- Your objective: Pictures do not belong in the copy. Output exactly the lines from the one containing "ZARA БОДИ АСИММЕТРИЧНОГО" to the end of the listing below.

- Dataset excerpt:
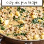 This sausage gnocchi skillet – inspired by the flavors of Zuppa Toscana– is a hearty one-pan dinner made with Italian sausage, fresh kale, and tender gnocchi in a creamy sauce. Itโs incredibly easy, but tastes like it simmered much longer than it did. It’s the best kind of cold-weather comfort food.
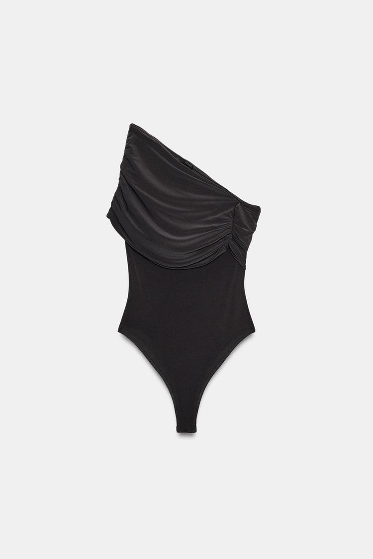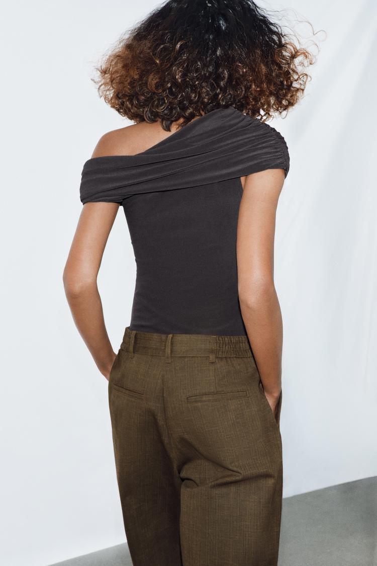 ZARA БОДИ АСИММЕТРИЧНОГО КРОЯ СО СБОРКАМИ, АНТРАЦИТОВО-СЕРЫЙ
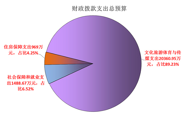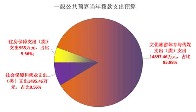 文化旅游體育與傳媒支出(類)支出14897.46萬元,占比85.88%;社會保障和就業支出(類)支出1485.46萬元,占比8.56%;住房保障支出(類)支出965.00萬元,占比5.56%。

- Task output:
 ZARA БОДИ АСИММЕТРИЧНОГО КРОЯ СО СБОРКАМИ, АНТРАЦИТОВО-СЕРЫЙ
 文化旅游體育與傳媒支出(類)支出14897.46萬元,占比85.88%;社會保障和就業支出(類)支出1485.46萬元,占比8.56%;住房保障支出(類)支出965.00萬元,占比5.56%。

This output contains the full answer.